Proof by induction that $\frac1{n+1} + \frac1{n+2} + \ldots + \frac1{2n} \geq \frac7{12}$

Question

The question is prove that for every integer greater than or equal to 2

$$\frac{1}{n+1} + \frac{1}{n+2} + \ldots + \frac{1}{2n} \geq \frac{7}{12}$$

So far I have

Base case let $p(2)$ \begin{align*} \frac{1}{2}+ \frac{1}{2+2} + \frac{1}{4} & \geq \frac{7}{12}\\ \frac{5}{6} & \geq \frac{7}{12} \end{align*}

therefore base case is true. Let's assume it is a true statement for $p(n+1)$ for all $n$ greater than or equal to $2.$

\begin{align*} \frac{1}{(n+1)+1} + \frac{1}{(n+1)+2} + \frac{1}{2(n+1)} \geq \frac{7}{12}\\ \frac{1}{n+2} + \frac{1}{n+3} + \frac{1}{2n+2} \geq \frac{7}{12} \end{align*}

then I wrote that if $n$ is greater than or equal to $2$ is a true statement then the inequality is true. This is a proof by induction and I'm not sure if I concluded properly

Answer 1

what would be p(n+1)? think about where that falls in your solution. p(n+1) is 1/(2n+2)

Answer 2

Consider $P(n+1) - P(n)$. This difference has only three terms, all the middle terms cancel. And looking at those three terms you can easily show $P(n+1)-P(n)>0$. That proves that if $P(n)>7/12$ then $P(n+1)$ must also be.

Answer 3

The three dots $\ldots$ are an ellipsis, indicating continuation of the preceding trend of terms up to the final term.
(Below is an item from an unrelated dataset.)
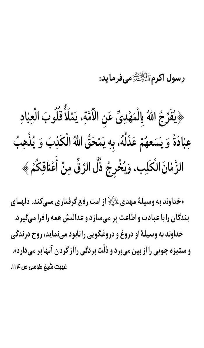 (یفَرِّجُ اللَّهُ بِالْمَهْدِی عَنِ الْاُمَّةِ، یمْلَأُ قُلُوبَ الْعِبادِ عِبادَةً وَ یسَعهُمْ عَدْلُهُ، بِهِ یمْحَقُ اللَّهُ الْکَذِبَ وَ یذْهِبُ الزَّمانَ الْکَلِب، وَیخْرِجُ ذُلَّ الرِّقِّ مِنْ أَعْناقِکُمْ)

There are only two terms in the $n=2$ case. The ellipsis form of the formula really only definitely indicates the start point, the end point and the general nature of interim points; it doesn't set a minimum number of terms or indeed the maximum number of terms - you are left to infer the exact quantity.

In this case, there are $n$ terms in each sum, one each for all the numbers from $n+1$ to $2n$. So for the sake of clarity, here are a few terms: $$\begin{align} \frac{1}{3} + \frac{1}{4} &= \frac{7}{12} \tag{n=2} \\[0.5em] \frac{1}{4} + \frac{1}{5} + \frac{1}{6} &= \frac{37}{60} \tag{n=3} \\[0.5em] \frac{1}{5} + \frac{1}{6} + \frac{1}{7} + \frac{1}{8} &= \frac{533}{840} \tag{n=4} \\[0.5em] \end{align}$$

You can see that that $\frac{1}{3}$ has been replaced by $\frac{1}{5} + \frac{1}{6}$ in going from $n=2$ to $n=3$, and $\frac{1}{4}$ has been replaced by $\frac{1}{7} + \frac{1}{8}$ in going from $n=3$ to $n=4$. This should indicate the correct line of the induction argument.